The initial estimate of the House bill is about $3 trillion and that is on the day that the US reported a record $737.9 bln deficit for the month of April. Around a third of the bill is for states and local governments. There are also funds for another $1200 payment adults, which is means-tested, and money for elections and the postal service.
The deduction for state and local taxes is also brought back. Of course, as the Senate Majority Leader noted it is aspirational. It must be negotiated with the Senate, and especially Trump Administration. However, the House took first-mover advantage and forces the GOP to be less “Rooseveltian” with the election now less than six months away.
The US dollar settled last week near CAD1.3925. It recovered 0.5% on Monday and again on Tuesday but has run out of steam near CAD1.4085. Support is seen in the CAD1.3980-CAD1.4000 area today. Similarly, the greenback finished last week around MXN23.65 and gained 1% on Monday and 2% yesterday to reach MXN24.40.

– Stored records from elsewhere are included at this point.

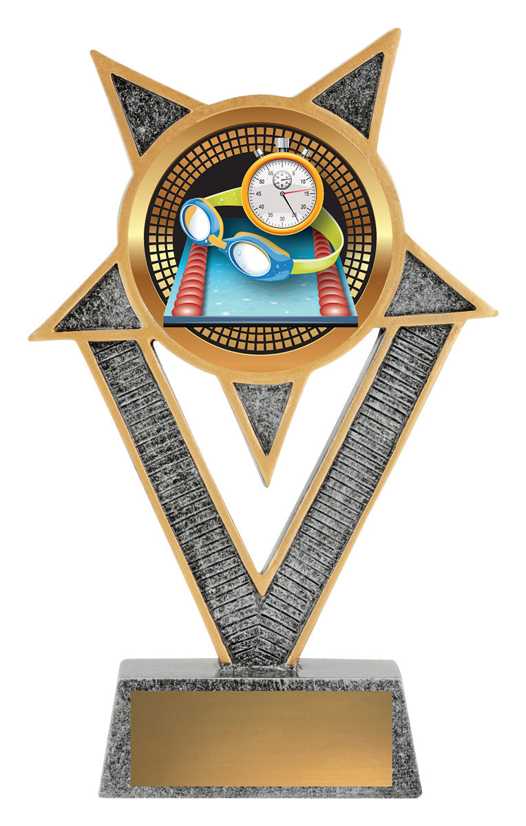 Star inspired trophy series, the Ventura offers prime position for colour insert to represent your sport.
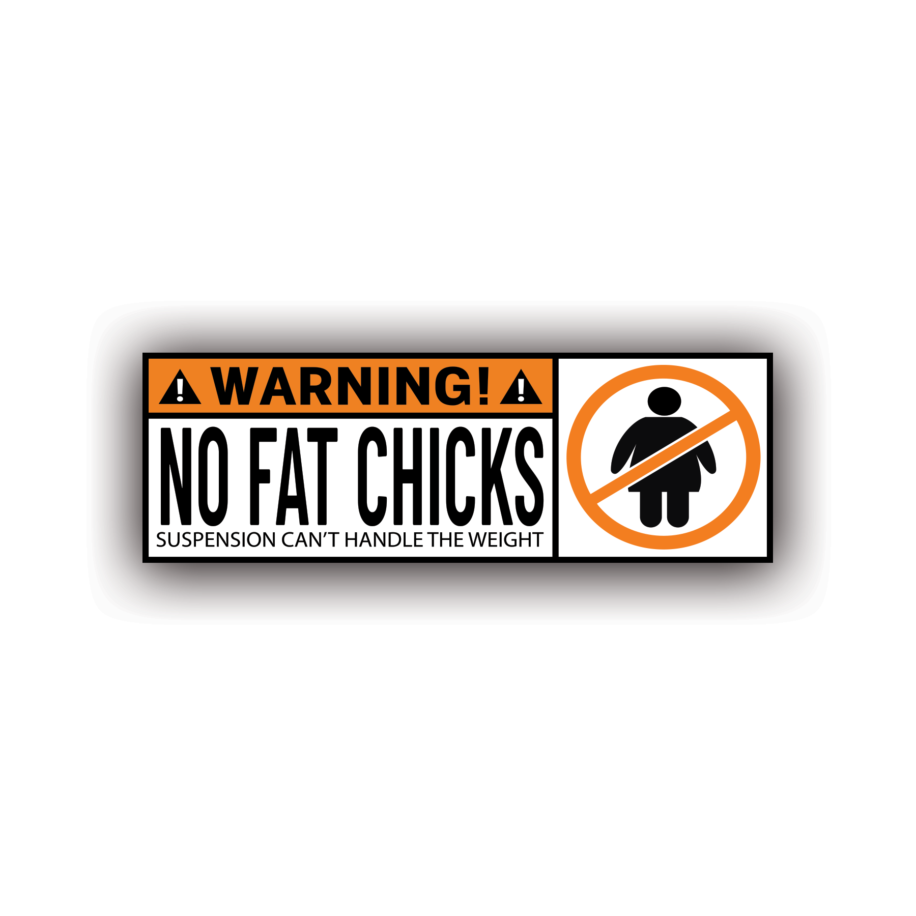 Naklejka WARNING! NO FAT CHICKS – Suspension can’t handle the weight to klasyczny przykład kontrowersyjnego humoru rodem z amerykańskich bumper stickers. Utrzymana w stylistyce znaku ostrzegawczego, z mocnym kontrastem pomarańczowo-czarno-białych elementów, przyciąga uwagę i nie pozostawia nikogo obojętnym. To propozycja dla kierowców, którzy lubią ostry żart i nie boją się prowokacyjnych komunikatów.
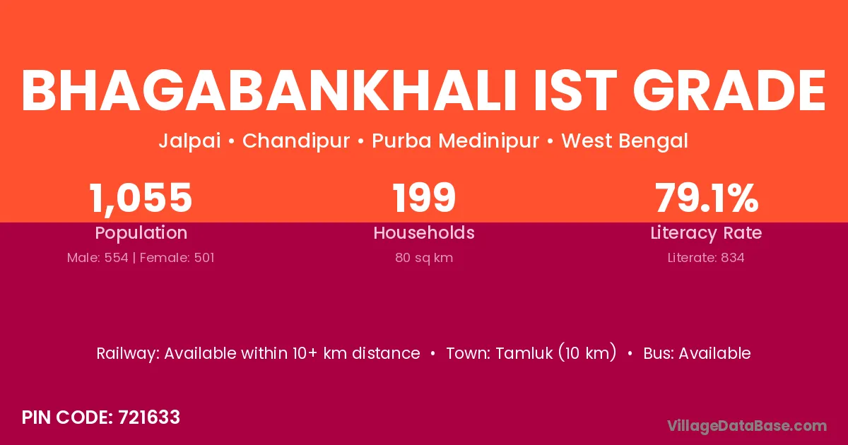 Tamluk (10 km) is the nearest town to Bhagabankhali Ist Grade village for major economic activities and is located approximately 10 km away.
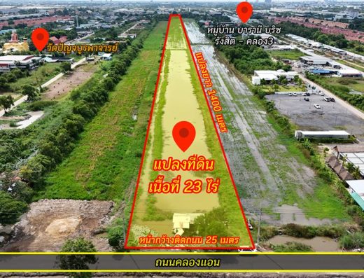 ที่ดิน 23 ไร่ คลอง 3 คลองหลวง ทำเลเด่น เหมาะลงทุนหรือพัฒนาโครงการ โทร 064-5939524
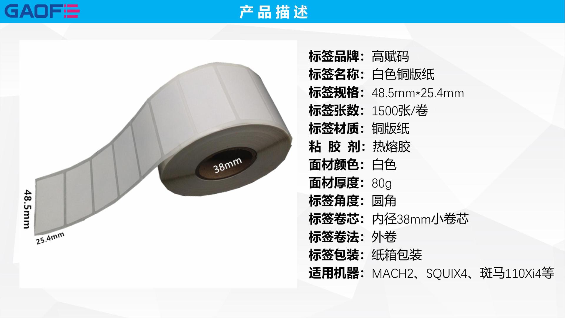 條碼不干膠標簽 銅版紙標簽紙 48.5mm*25.4mm 外箱標簽紙 高賦碼
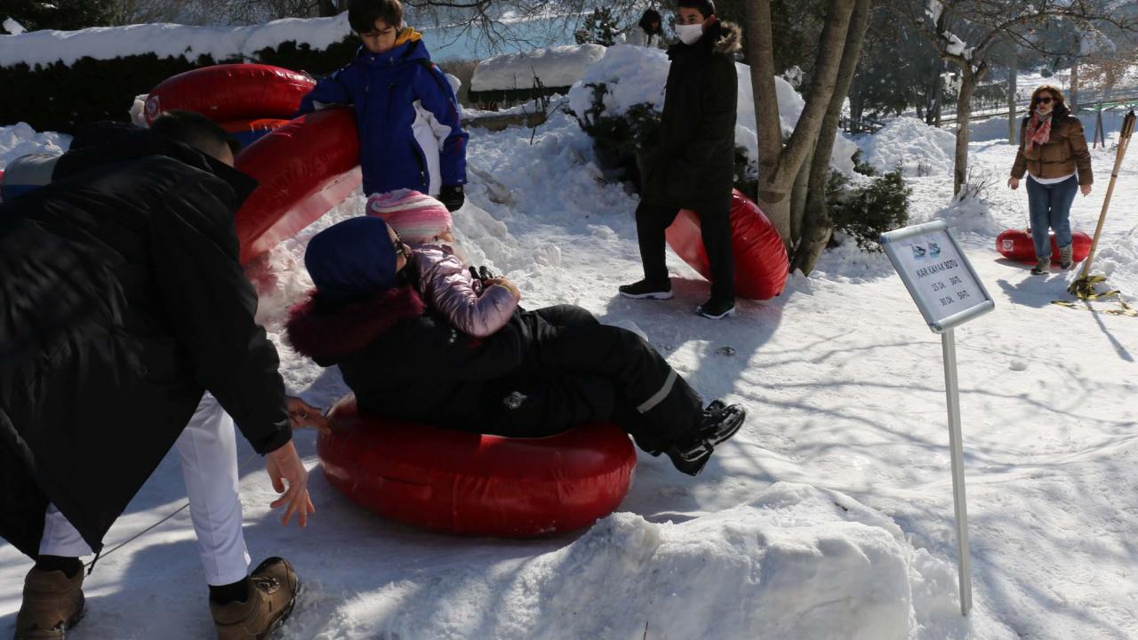 Abant Tabiat Parkı`nı tercih edenler kar topu oynadı, şambrelle kaydı
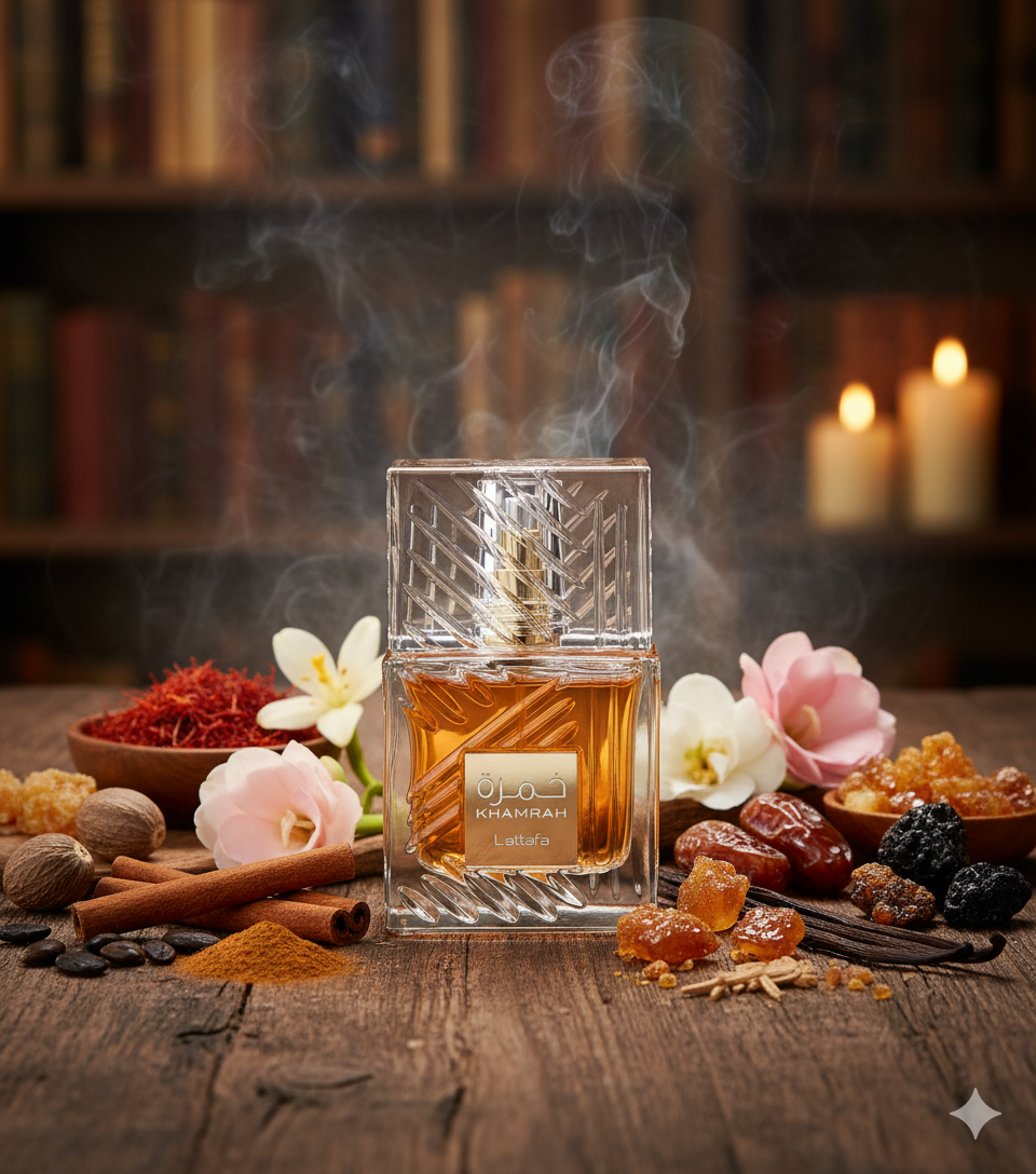 Khamra är en fyllig och sensuell doft som förenar kryddig värme med gourmand-sötma. Den öppnar med glödande kanel, muskot och frisk bergamott, som leder in i ett rikt hjärta av dadlar, praliné och vit blomsterprakt. I basen vilar en beroendeframkallande harmoni av vanilj, tonkaböna och amberwood, fördjupad av mystisk myrra och benzoin.
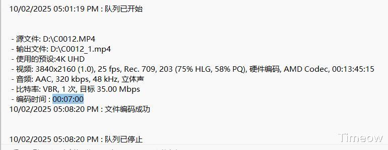 接着来看一下视频转码,使用Adobe Media Encoder 2025对一个用索尼A7R2拍摄的、13分多钟、H264格式、100Mbps的4K视频转码,目标格式为H265(HEVC)、35Mbps、4K(预设4K UHD),这个测试主要考验了处理器或核显/显卡的编码性能。
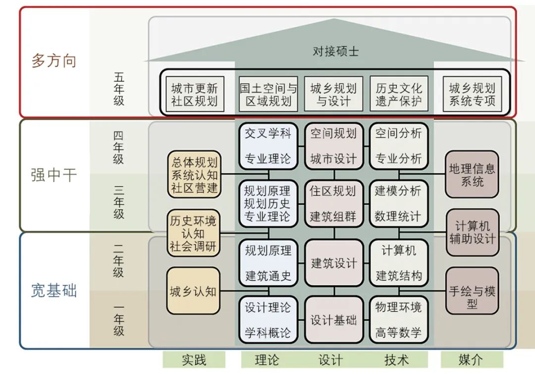 在此基础上,经过广泛研讨形成了新的培养方案,培养方案强化了以下特点:第一,强化立德树人,建设思政专业;城乡规划专业有着鲜明的家国情怀特征,思政建设不应局限于单一课程,而是贯穿专业培养的全过程;第二,突出“宽基础”“强中干”“多方向”的培养路径(图3)[4]。其中“宽基础”强调城乡规划学科与建筑学、风景园林学共建三个一级学科的设计基础、理论基础和技术基础,包括设计基础、建筑通史等课程;“强中干”则突出城乡规划的学科主干,在原有设计与理论双主线的基础上,加强设计与理论、技术之间的融合;“多方向”则是对接硕士培养的二级方向,强化与城乡规划学各二级学科方向的衔接。本轮培养方案的修编,在上一阶段强调设计、理论并重等基础上,突出了城乡规划学科“空间”的核心地位,围绕“空间+理论”“空间+技术”“空间+实践”展开了一系列的课程群建设。
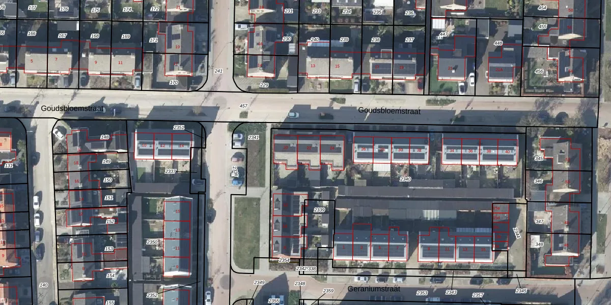 Het perceel waarop Goudsbloemstraat 22 staat heeft een oppervlakte van 3352 m². Dit is een zeer groot perceel. De perceeloppervlakte wordt geregistreerd door het Kadaster. Gedetailleerde informatie over de maten van dit perceel kunt u vinden in het rapport Kadastrale kaart met maatvoering van Goudsbloemstraat 22.
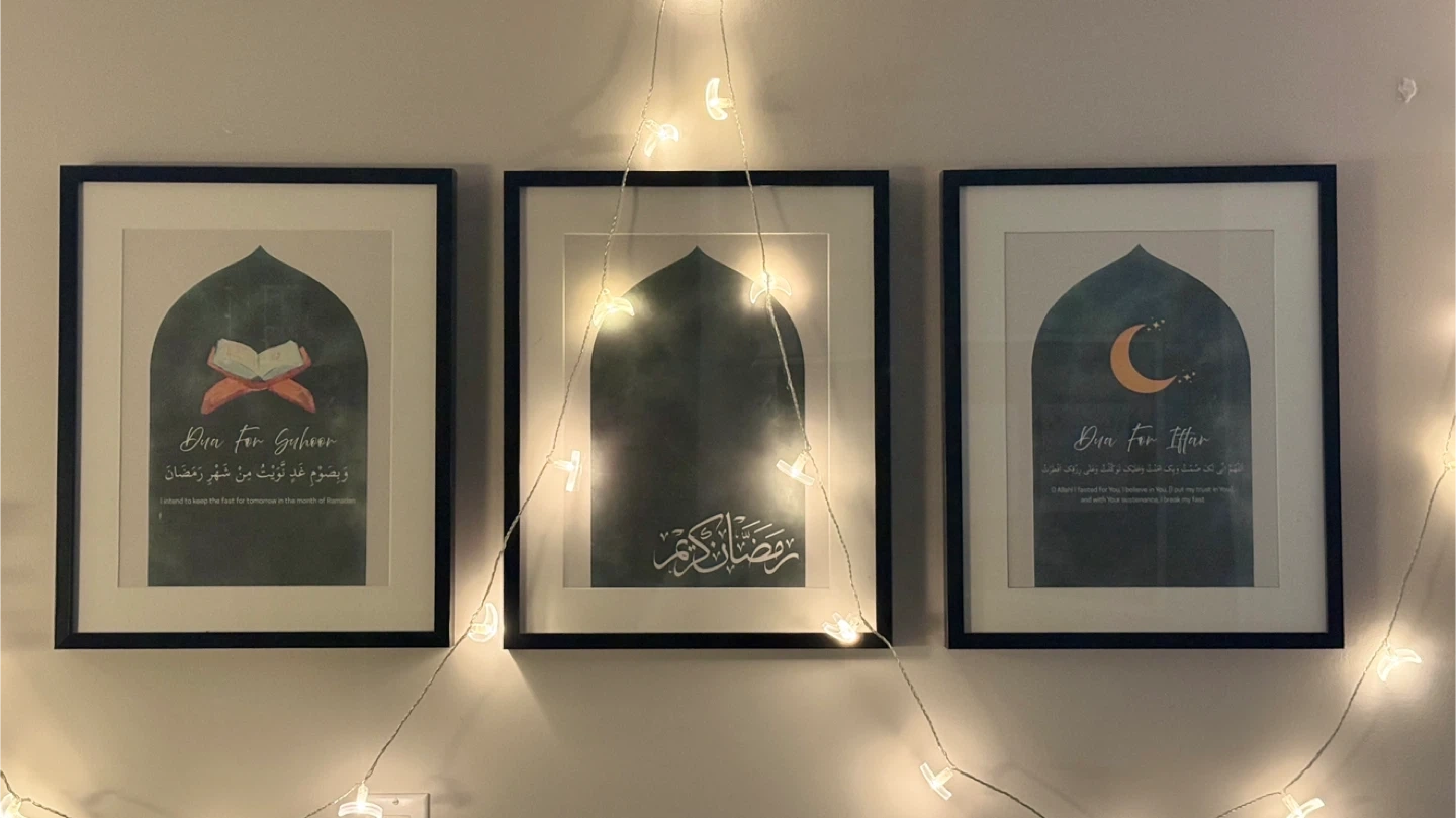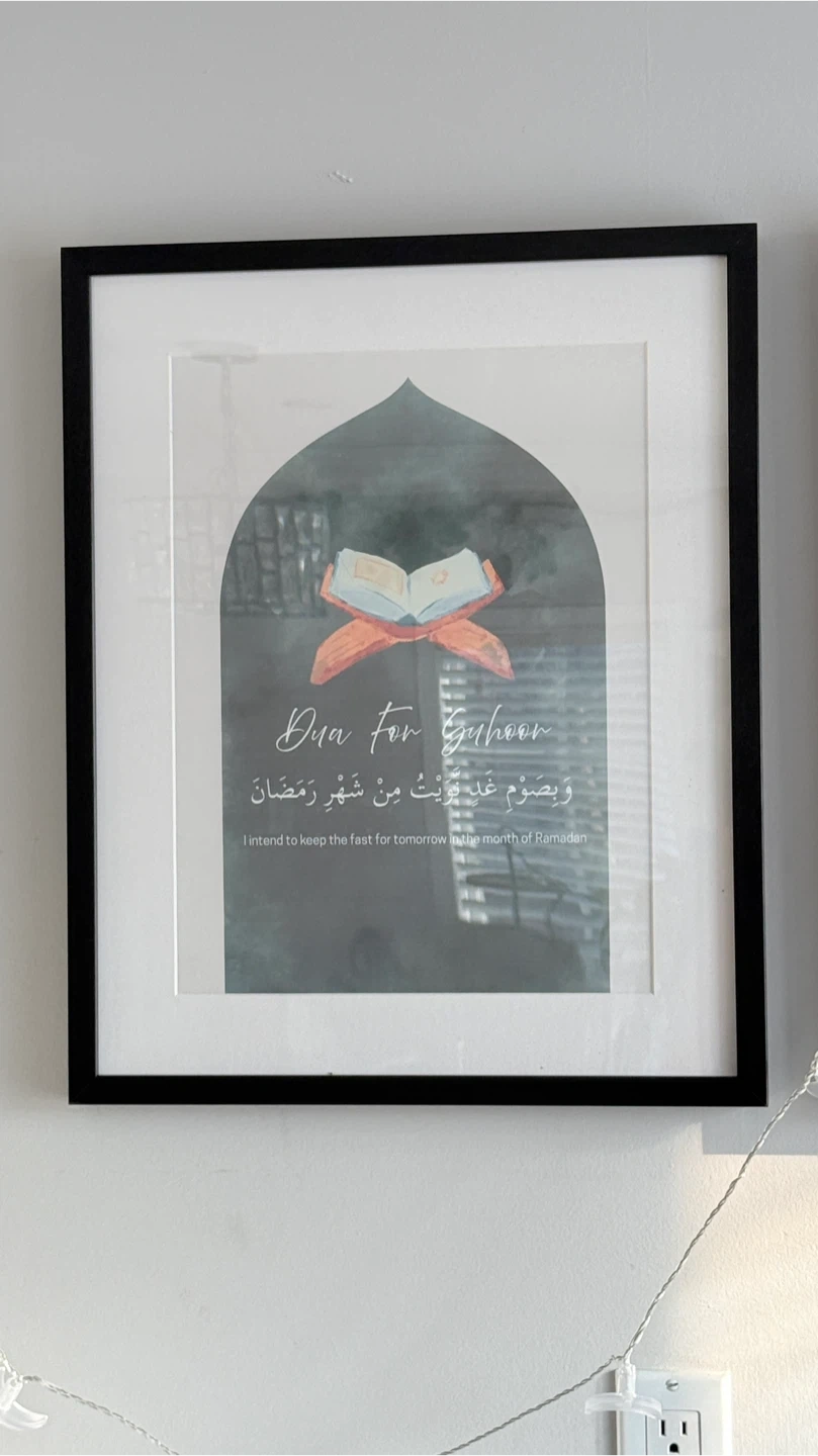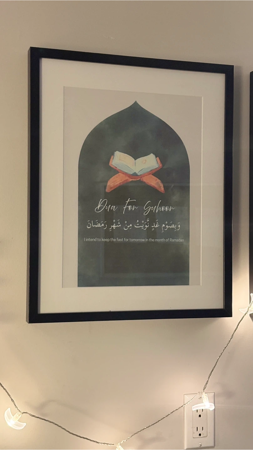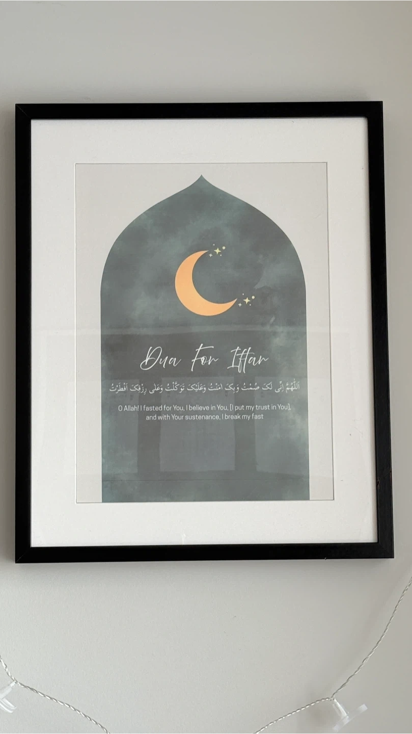These framed prints feature Islamic dua for Suhoor and Iftar, plus Ramadan Kareem calligraphy. They're perfect for adding a touch of faith to your home during the holy month. Each print comes in a black frame.
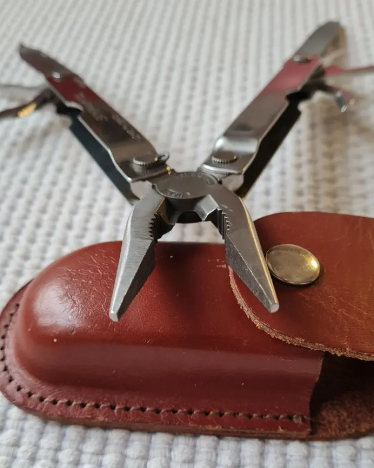 Multiverktyg Leatherman Tool Portland OR USA, i brunt omärkt läderfodral.
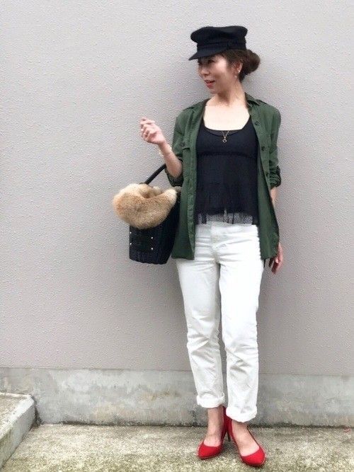 ホワイトデニムがGUのもの。ラメレースのタンクトップにZARAのミリタリーシャツを羽織ったカジュアルコーデに、ダイヤのネックレスで大人のクラス感をアップ!白デニム×SHIPS for women のウールマリンキャップでマリンな雰囲気に。流行りものをプチプラで」というイメージのGUですが、デニムなど定番アイテムも豊富に揃いますよ◎
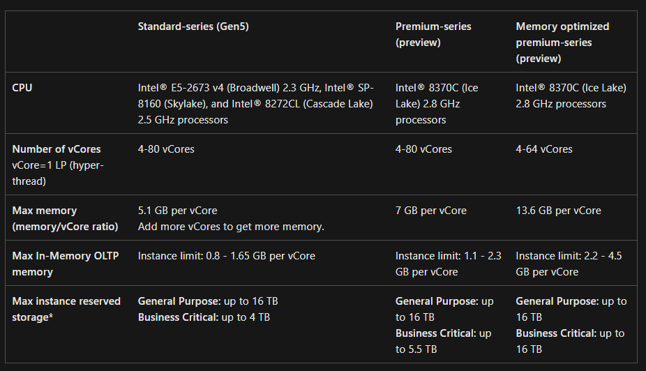 There is an exception within the vCore-based model, which is Hyperscale. Hyperscale allows for rapid scaling of your database and has fully separated CPU, Memory, I/O and Storage. This means that the CPU power could come from a different rack in Microsoft's datacenter than where the memory comes from, while still granting the same performance you'd get if all the components were placed in the same physical server. A Hyperscale database allows for 100TB of storage, but with some trade offs on functionality.

It is trading softer now around MXN24.10. Dollar losses may be limited in North America today ahead of the Banxico rate decision tomorrow. Although a 50 bp cut is widely expected, there is scope for 75 bp move. More political problems for Brazil’s President Bolsonaro weigh on the real, which fell to new record lows yesterday (the US dollar rose above BRL5.89). Today, Brazil reports March retail sales and its economic activity index. The only question is how fast of a contraction is being experienced.